Sunday, February 05, 2006

Pangza's Anniversary

Three years ago on this day, Pangza was married; and so did Sister Three (a.k.a. Six Crawl). Sounds much of a coincidence, unless it was not. (For the record, it was 2/4/2003)

Today the couple wanted to have a romantic dinner, without Max around. Was a dinner enough? No fruits? They did spend more than 3 hrs on fruits and kept us waiting for that long before the big day. With such an obsessiveness for fruits, it's amazing to see them returning in 2 hrs, straight from dinner and no leeway whatsoever.

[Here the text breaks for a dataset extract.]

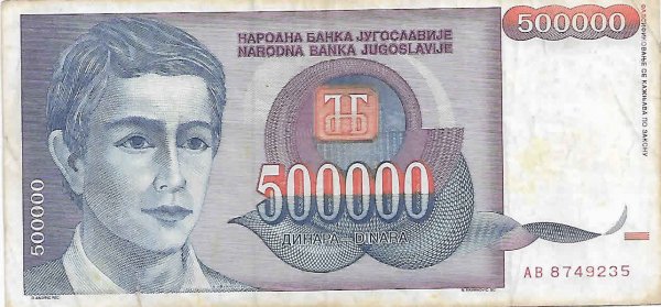 Yugoslavia – 500000 d 1993 , used currency note
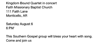 Kingdom Bound Quartet in Concert at Faith Missionary Baptist, Saturday

The night after dinner was pretty much eventless. The big gang gathered in front of a 17" monitor and watched a movie, after which a subtle atmosphere of amour inevitably grew in the room ...

Music Night

While I'm alone, I start to try something new. Wife is pretty skittish about sounds when sleeping, whereas I am not. Therefore, I start to put music on throughout the night, although weekends only.

That is a gorgeous experience.

There is a long play list for this, and all tracks are classic music. My favorite musical instrument being classical guitar, music in that is dominant, followed by violin and cello. Pop or country music cannot get into this list, as they don't feel as fluent most of the time, and I don't want to be suddenly waken up by the drummer's impromptu. After several nights' fine tuning (not much), this list is just the right recipe to sooth me into a hypnotized state, and to gently pull me back to reality in the morning with the perfect touch of harmony. The only sadness is that I never have the chance to get the taste of tracks in the middle hours, unless I get up for the bathroom trip which I rarely rarely do.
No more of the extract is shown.